60 ans d'écoute au 143: La Main Tendue lance un appel au recrutement

Publié

,

le

La Main Tendue reçoit en moyenne 33'000 appels par an. Le poste vaudois lance un appel au recrutement. (Photo d'illustration). (© Getty Images)

Avoir une personne à qui parler, quel que soit le sujet, quand on a besoin. C’est la mission de La Main Tendue depuis 60 ans dans le canton de Vaud. Environ 60 bénévoles se relaient 24 heures sur 24, 365 jours par année au poste vaudois. Aujourd'hui, l'association à but non lucratif lance un appel au recrutement. Sophie Vassutine a rencontré l'une des répondantes. Reportage.

Reportage à la Main Tendue VaudPar Sophie Vassutine

Depuis six décennies, le 143 est le numéro de l’ombre qui éclaire les nuits et les jours des Vaudois en détresse ou simplement en quête d'une oreille attentive. Alors que l'institution fête son 60e anniversaire, Mélina Blanc, directrice de la Main Tendue Vaud, lève le voile sur les coulisses de cet engagement bénévole unique et lance un appel pour recruter les futurs visages de l'écoute.

« Notre rêve, c'est que sur ce canton personne ne puisse dire : "je n'ai personne à qui parler" ». C’est par ces mots que Mélina Blanc, directrice de la Main Tendue Vaud et responsable de formation, définit la mission de l'organisation. Fondée il y a 60 ans, la structure répond aujourd'hui à une moyenne de 90 appels par 24 heures, soit environ 33 000 échanges par an uniquement pour le canton de Vaud.

« Notre rêve, c'est que personne ne puisse dire : "je n'ai personne à qui parler" ».

L’anonymat comme espace de liberté

Une règle d'or à La Main Tendue : l’anonymat absolu, tant pour l’appelant que pour le répondant.

Mélanie BlancDirectrice de la Main Tendue Vaud et responsable de formation

« Cet anonymat est très précieux. Il y a des choses qu’on n'a pas forcément envie de confier en étant rattaché à sa personne », explique Mélina Blanc. Cette neutralité offre une étape cruciale pour ceux qui ne sont pas encore prêts pour des démarches concrètes ou médicales.

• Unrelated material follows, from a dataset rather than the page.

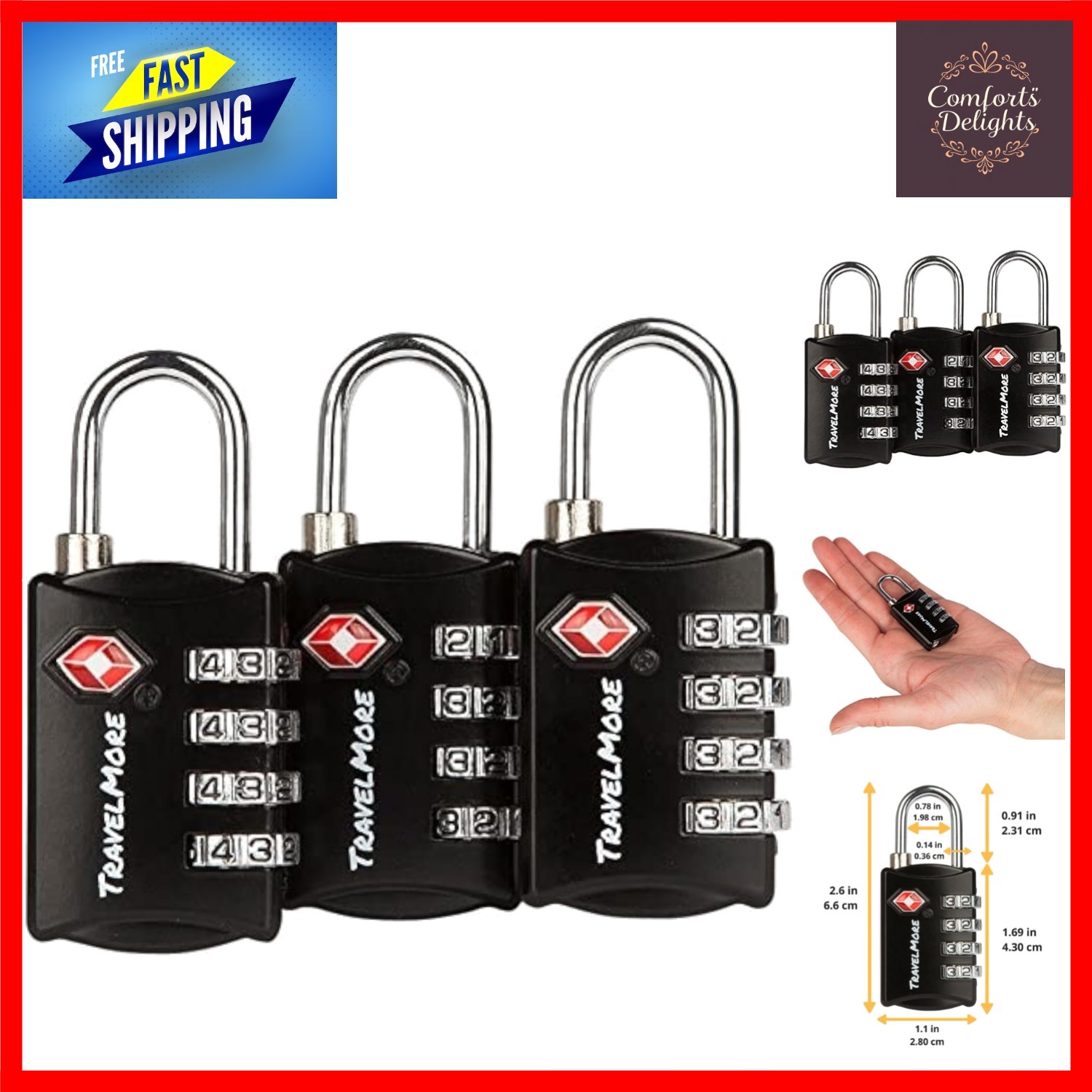 3-Pack TSA Luggage Locks with 4-Digit Combination - Ultimate Travel Security

Dans les bureaux lausannois, l’écoute ne se limite pas à la prévention du suicide, bien que ce soit la base historique de l'institution. On y appelle pour l’isolement, certes, mais aussi pour tout besoin de parler. « L’idée, c’est d’avoir une personne à qui parler quand on en a besoin, 24 heures sur 24, 365 jours par an ».

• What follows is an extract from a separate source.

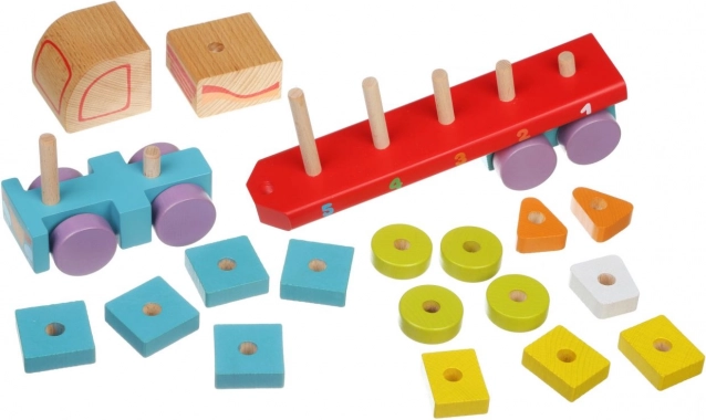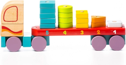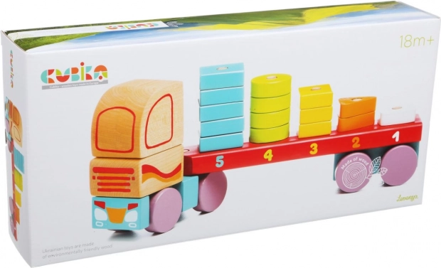Drvena slagalica CUBIKA Kamion s geometrijskim oblicima više je od obične igračke. S 19 šarenih dijelova djeca mogu učiti povezivati oblike i boje, što razvija njihove senzomotoričke sposobnosti. Svaki je dio dizajniran da se uklapa u druge, a napredniji graditelji mogu provjeravati točan broj posloženih dijelova prema brojkama na podvozju kamiona.

Dans les coulisses de l’écoute

Devenir répondant ne s’improvise pas. Entre 50 et 60 bénévoles se relaient actuellement pour assurer la permanence. Pour rejoindre leurs rangs, un processus de sélection rigoureux et une formation de base de huit à neuf mois sont nécessaires. « L’écoute de l’autre passe par l’écoute de soi. Si on n'est pas au clair sur nos réactions, on ne va pas pouvoir être aidant dans l’écoute ».

« L’écoute de l’autre passe par l’écoute de soi. Si on n'est pas au clair sur nos réactions, on ne va pas pouvoir être aidant dans l’écoute ».

Une fois en poste, les bénévoles ne sont jamais livrés à eux-mêmes. Une supervision obligatoire toutes les deux semaines permet de digérer l'impact émotionnel des récits entendus. Mélina Blanc souligne l'humilité nécessaire à ce rôle : « On n'est pas des experts qui vont orienter à tout prix ou fournir des solutions toutes prêtes. On est plutôt dans une posture de chercheur. On cherche ensemble des pistes ».

Du téléphone au chat : l’IA s’invite au 143

L'association propose aussi un service par courrier électronique, avec une réponse dans les 48h.  Face à la demande, l’association est aussi en train de développer son service de chat pour la suisse romande.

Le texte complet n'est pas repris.